All Rights Reserved ©

Summary

At St. Edmund's College, power does not belong to the teachers. It belongs to the students. When James Ashford arrives at the elite boarding school, he is drawn into The Tradition, an unwritten system of loyalty, fear, and control that has ruled the school for generations. As he falls for the enigmatic Eleanor Harrington, a series of disturbing events forces him to question everything he has been told. Some secrets are meant to stay buried. And at St. Edmund's, those who challenge The Tradition rarely walk away.

Status
Ongoing
Chapters
5
Rating
n/a
Age Rating
18+

Chapter 1

The alley smelled like piss and rotting bins.
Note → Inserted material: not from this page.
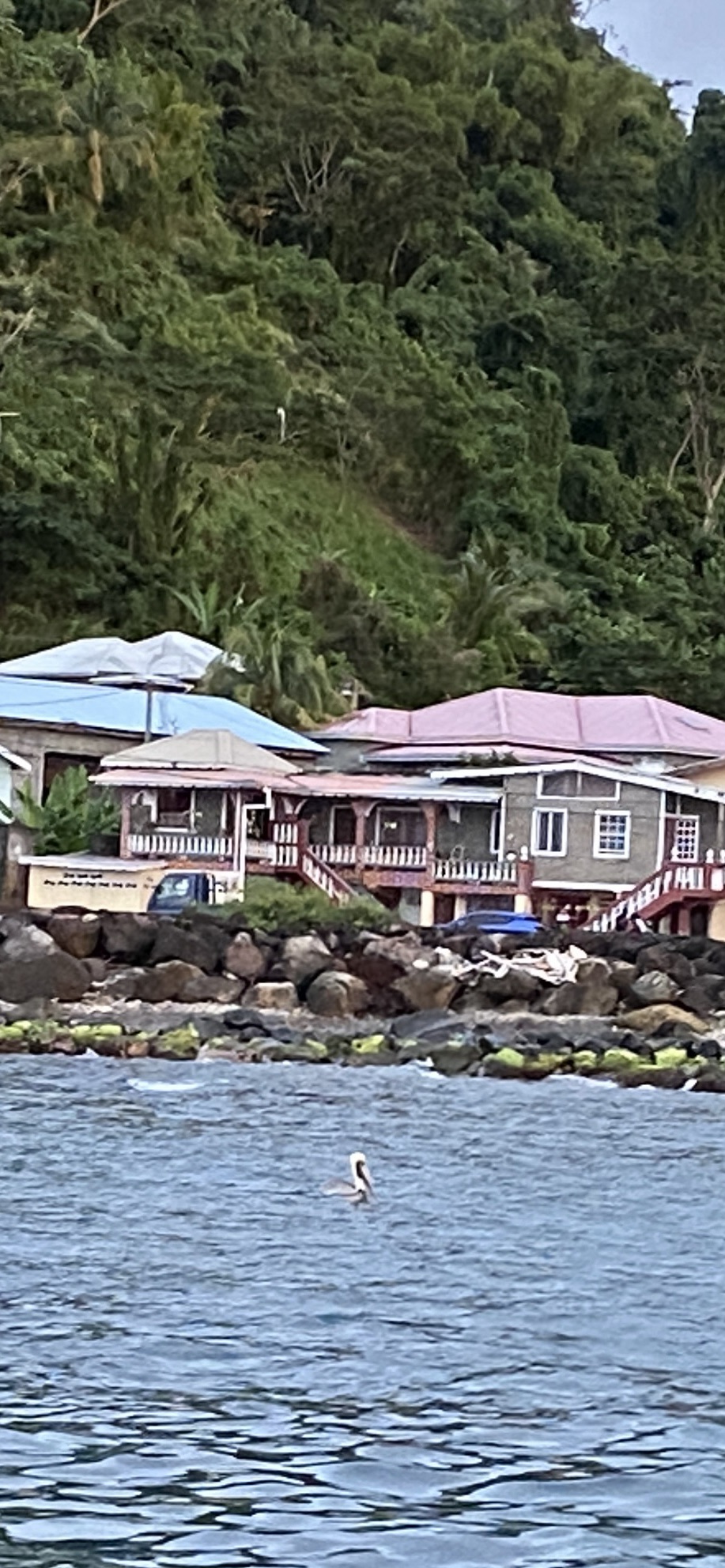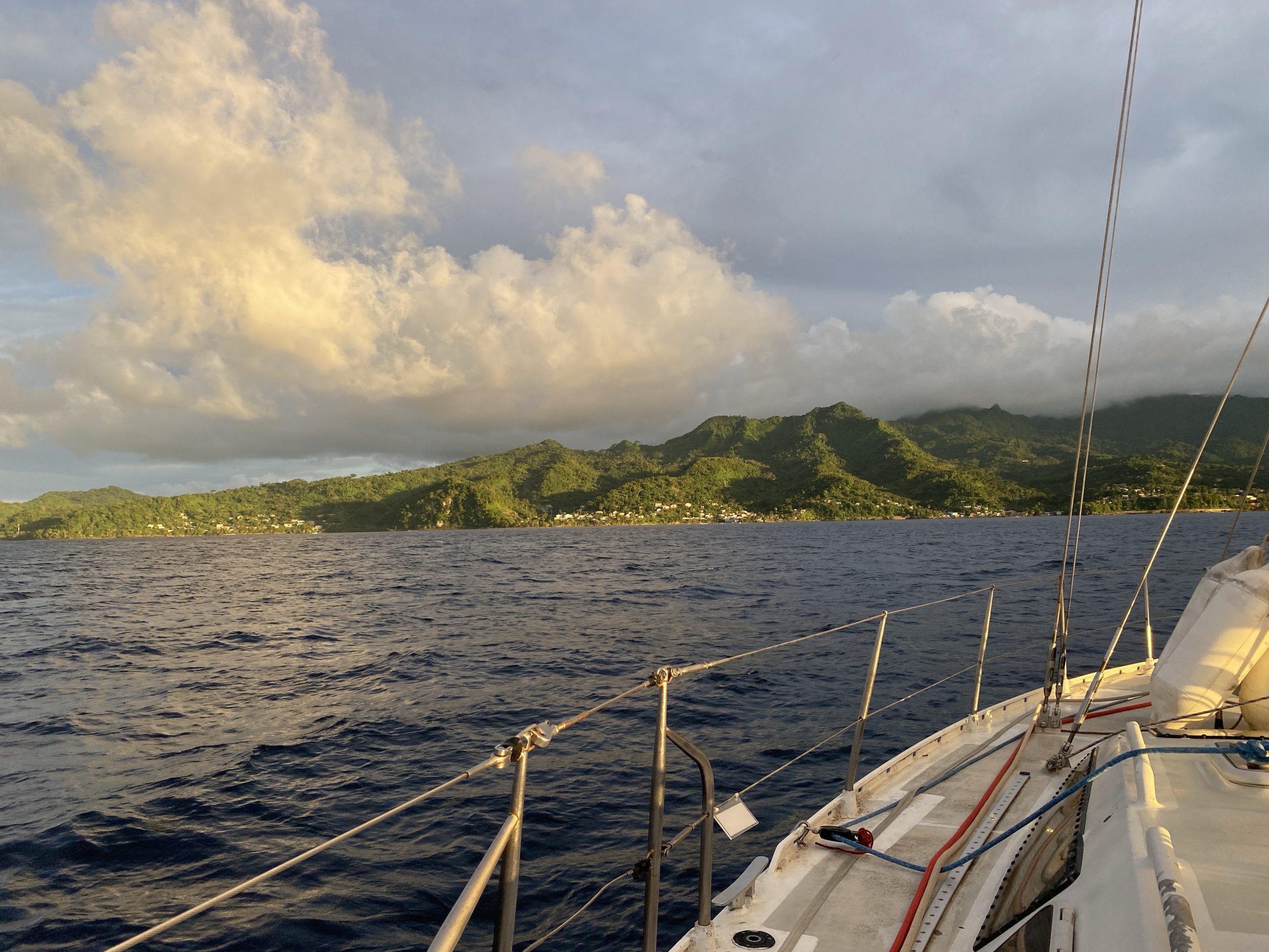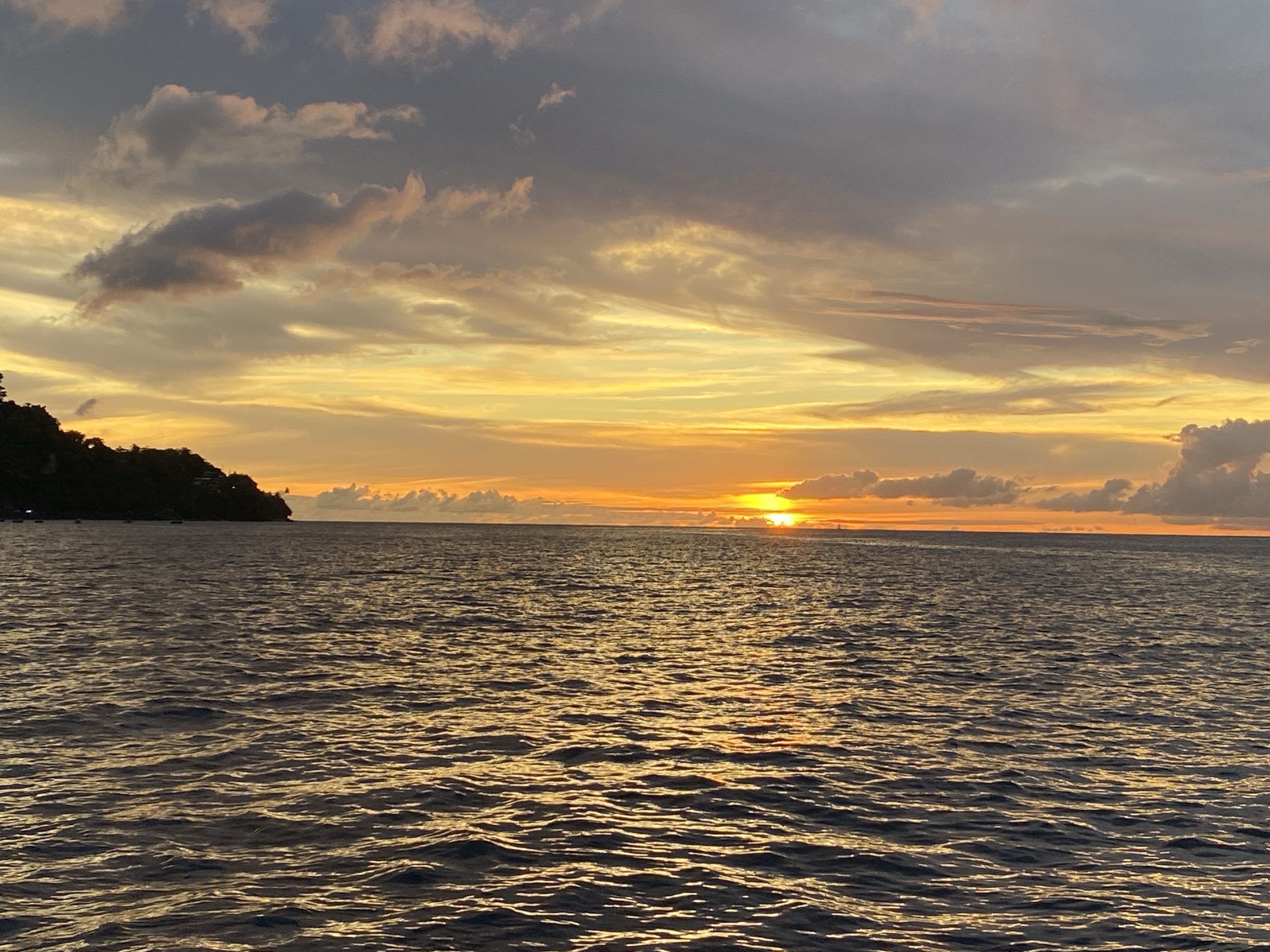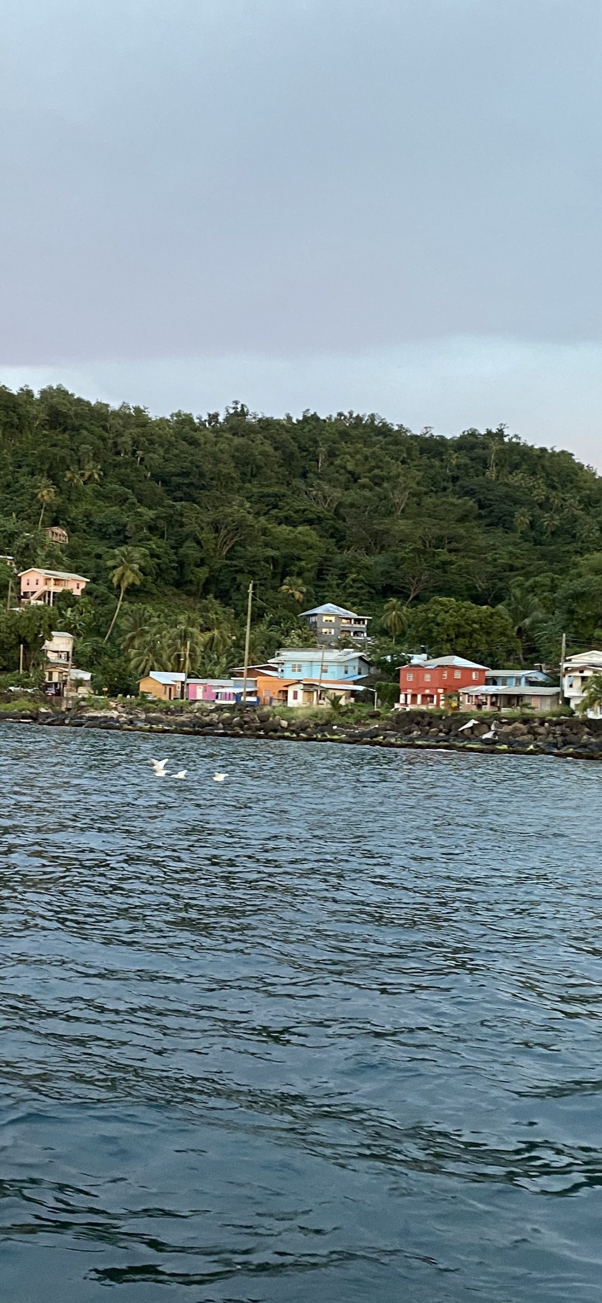 Die bunten Häuser, der ganze Bewuchs, so sieht es wohl in der Karibik aus. Heute trinken wir einen Campari-Orange als Sundowner und werden mit einem entsprechenden Sonnenuntergang in der Saint Mark Bay belohnt.

Rain dripped from the broken gutter overhead and mixed with the blood on the ground. I had my hand twisted in Marcus’s collar. He was smaller than me, soft-faced, sixteen maybe. The kind of kid who always hung around the younger girls.

“You think you can just do that to her?” I said, keeping my voice low. “A girl two years below us. You forced her.”

Marcus shook his head quick, eyes wide. “I didn’t. She wanted it. She’s lying, I swear.”

Liam laughed behind me. Short and nasty. “Lying. Yeah, course she is.”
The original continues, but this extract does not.